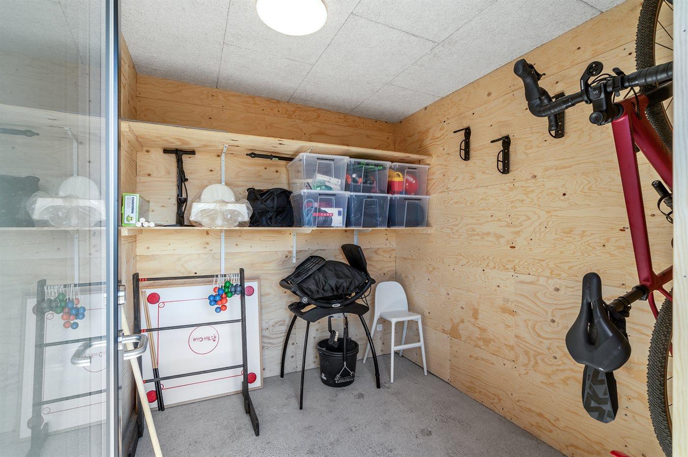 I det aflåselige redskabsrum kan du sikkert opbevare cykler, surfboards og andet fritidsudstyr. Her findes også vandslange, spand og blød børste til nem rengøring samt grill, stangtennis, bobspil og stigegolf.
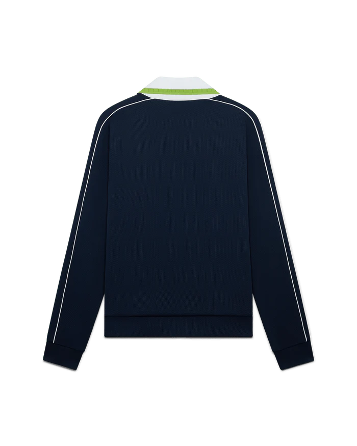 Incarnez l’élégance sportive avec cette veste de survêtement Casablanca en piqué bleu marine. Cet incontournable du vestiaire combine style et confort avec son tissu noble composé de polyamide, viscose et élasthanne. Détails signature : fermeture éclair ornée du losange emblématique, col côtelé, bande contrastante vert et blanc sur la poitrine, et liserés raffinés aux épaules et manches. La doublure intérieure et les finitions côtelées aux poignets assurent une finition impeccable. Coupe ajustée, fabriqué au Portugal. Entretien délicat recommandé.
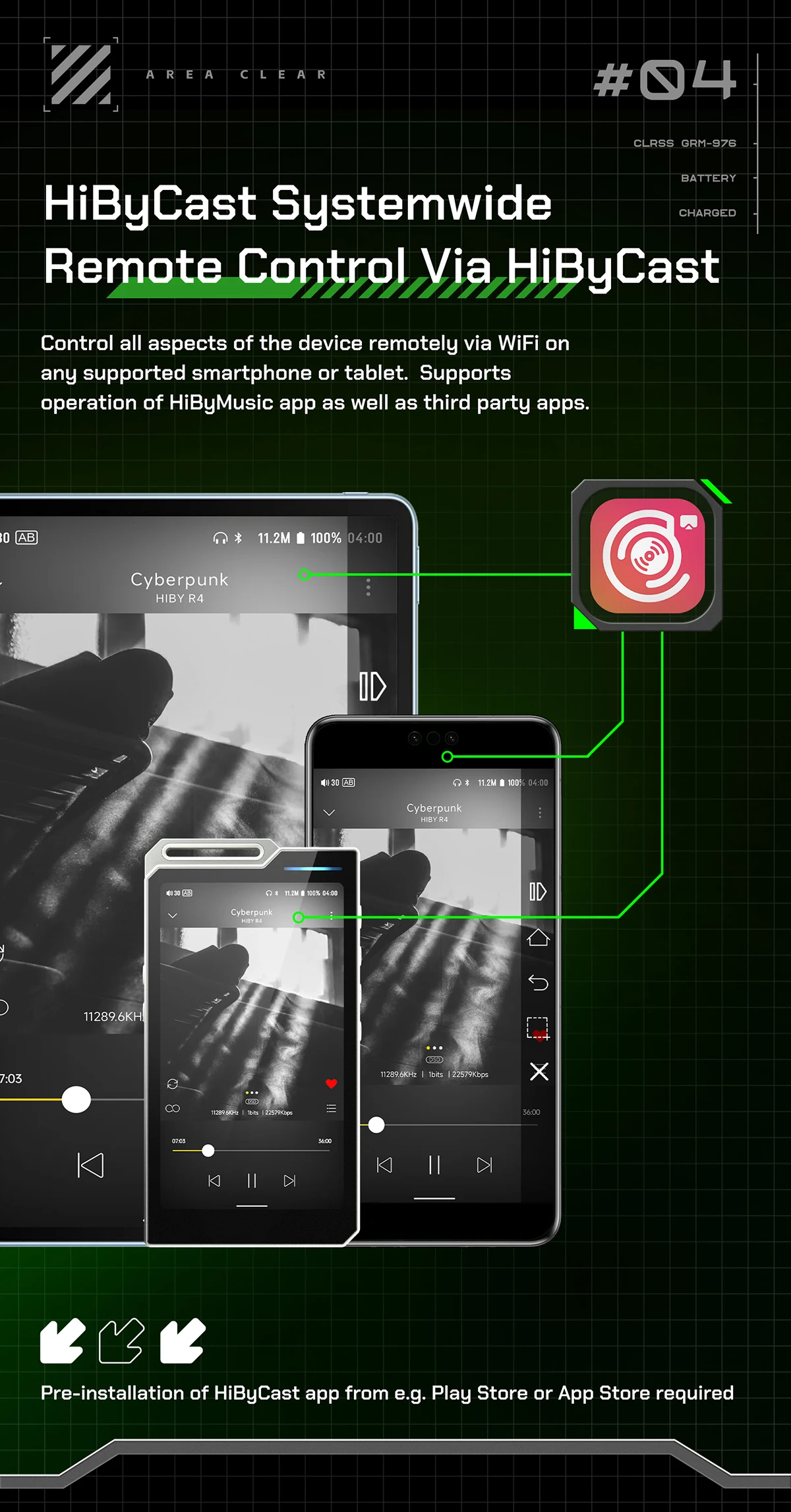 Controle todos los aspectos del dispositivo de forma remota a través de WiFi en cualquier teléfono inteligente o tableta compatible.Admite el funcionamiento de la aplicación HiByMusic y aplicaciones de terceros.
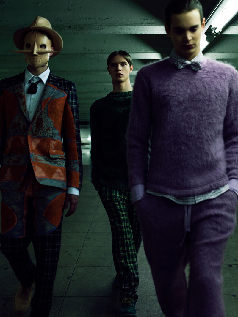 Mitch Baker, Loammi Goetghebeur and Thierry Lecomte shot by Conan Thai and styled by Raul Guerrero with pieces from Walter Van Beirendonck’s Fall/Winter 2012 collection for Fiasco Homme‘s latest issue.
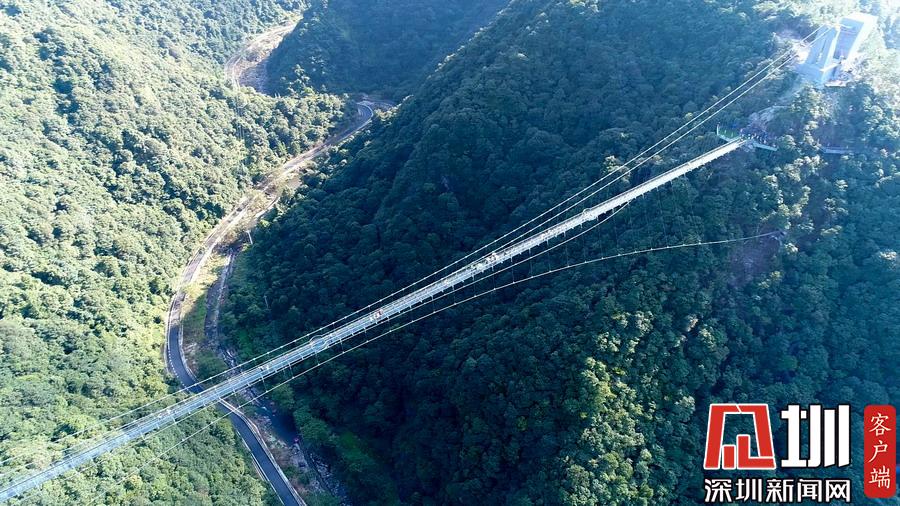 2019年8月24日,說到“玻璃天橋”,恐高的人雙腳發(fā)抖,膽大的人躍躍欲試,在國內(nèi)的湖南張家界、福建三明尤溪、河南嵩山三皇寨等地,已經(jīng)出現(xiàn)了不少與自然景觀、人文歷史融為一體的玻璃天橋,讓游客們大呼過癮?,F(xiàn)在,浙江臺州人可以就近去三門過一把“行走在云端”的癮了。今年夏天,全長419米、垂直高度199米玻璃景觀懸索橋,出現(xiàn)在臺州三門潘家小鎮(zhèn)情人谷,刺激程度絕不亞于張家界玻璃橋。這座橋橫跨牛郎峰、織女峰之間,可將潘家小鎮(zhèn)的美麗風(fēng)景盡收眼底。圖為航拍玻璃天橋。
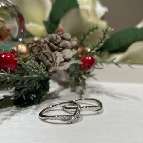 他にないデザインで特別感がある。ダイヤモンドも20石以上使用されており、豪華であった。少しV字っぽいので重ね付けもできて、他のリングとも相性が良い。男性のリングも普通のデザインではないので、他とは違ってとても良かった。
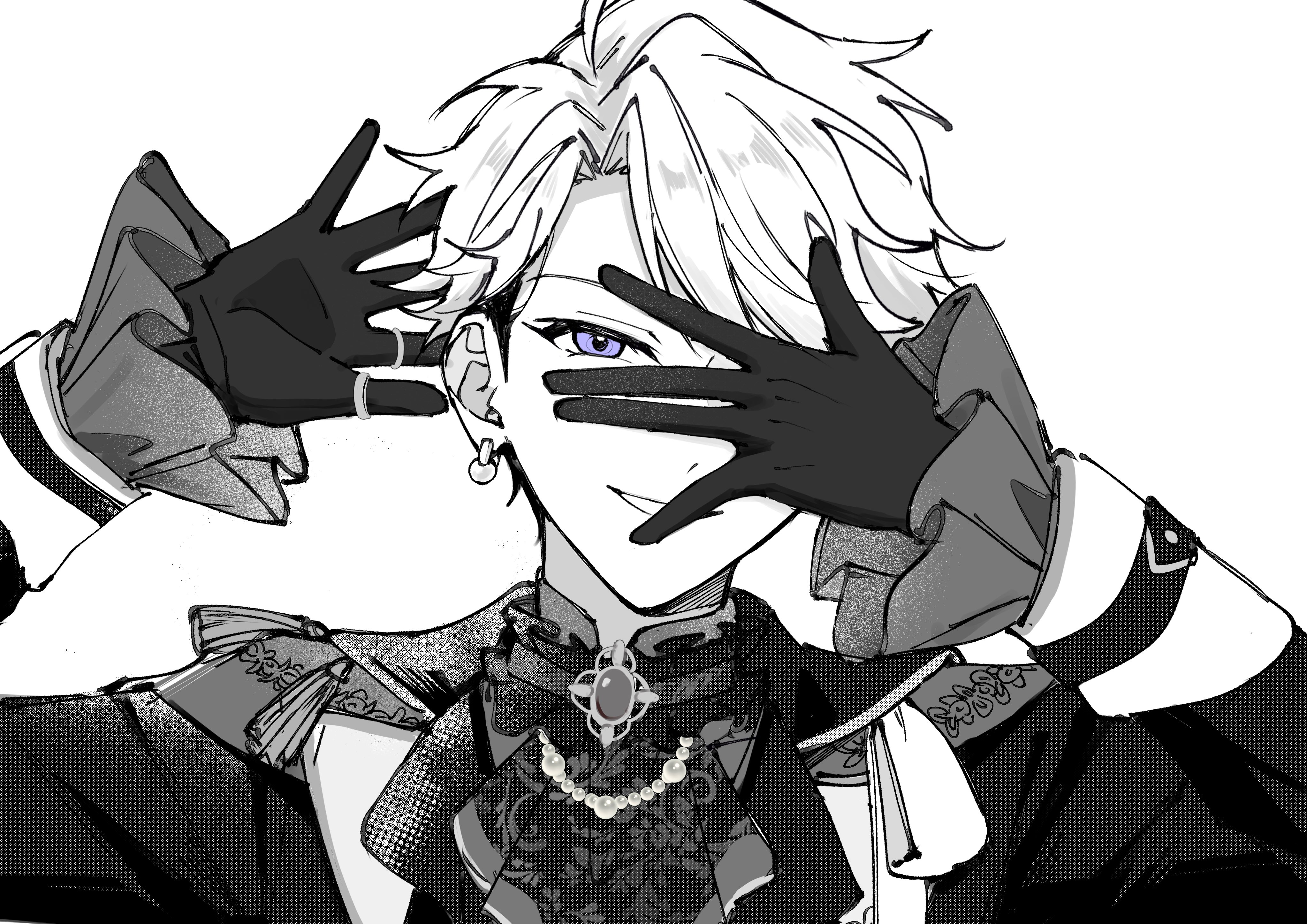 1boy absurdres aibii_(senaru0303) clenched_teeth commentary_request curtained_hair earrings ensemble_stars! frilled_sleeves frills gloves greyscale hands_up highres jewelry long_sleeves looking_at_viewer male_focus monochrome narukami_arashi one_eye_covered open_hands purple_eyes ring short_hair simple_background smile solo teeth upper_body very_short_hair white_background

(To do) Only the text of the entries belongs in the answer, copied exactly; the pictures stay out.

(Final answer)
 I det aflåselige redskabsrum kan du sikkert opbevare cykler, surfboards og andet fritidsudstyr. Her findes også vandslange, spand og blød børste til nem rengøring samt grill, stangtennis, bobspil og stigegolf.
 Incarnez l’élégance sportive avec cette veste de survêtement Casablanca en piqué bleu marine. Cet incontournable du vestiaire combine style et confort avec son tissu noble composé de polyamide, viscose et élasthanne. Détails signature : fermeture éclair ornée du losange emblématique, col côtelé, bande contrastante vert et blanc sur la poitrine, et liserés raffinés aux épaules et manches. La doublure intérieure et les finitions côtelées aux poignets assurent une finition impeccable. Coupe ajustée, fabriqué au Portugal. Entretien délicat recommandé.
 Controle todos los aspectos del dispositivo de forma remota a través de WiFi en cualquier teléfono inteligente o tableta compatible.Admite el funcionamiento de la aplicación HiByMusic y aplicaciones de terceros.
 Mitch Baker, Loammi Goetghebeur and Thierry Lecomte shot by Conan Thai and styled by Raul Guerrero with pieces from Walter Van Beirendonck’s Fall/Winter 2012 collection for Fiasco Homme‘s latest issue.
 2019年8月24日,說到“玻璃天橋”,恐高的人雙腳發(fā)抖,膽大的人躍躍欲試,在國內(nèi)的湖南張家界、福建三明尤溪、河南嵩山三皇寨等地,已經(jīng)出現(xiàn)了不少與自然景觀、人文歷史融為一體的玻璃天橋,讓游客們大呼過癮?,F(xiàn)在,浙江臺州人可以就近去三門過一把“行走在云端”的癮了。今年夏天,全長419米、垂直高度199米玻璃景觀懸索橋,出現(xiàn)在臺州三門潘家小鎮(zhèn)情人谷,刺激程度絕不亞于張家界玻璃橋。這座橋橫跨牛郎峰、織女峰之間,可將潘家小鎮(zhèn)的美麗風(fēng)景盡收眼底。圖為航拍玻璃天橋。
 他にないデザインで特別感がある。ダイヤモンドも20石以上使用されており、豪華であった。少しV字っぽいので重ね付けもできて、他のリングとも相性が良い。男性のリングも普通のデザインではないので、他とは違ってとても良かった。
 1boy absurdres aibii_(senaru0303) clenched_teeth commentary_request curtained_hair earrings ensemble_stars! frilled_sleeves frills gloves greyscale hands_up highres jewelry long_sleeves looking_at_viewer male_focus monochrome narukami_arashi one_eye_covered open_hands purple_eyes ring short_hair simple_background smile solo teeth upper_body very_short_hair white_background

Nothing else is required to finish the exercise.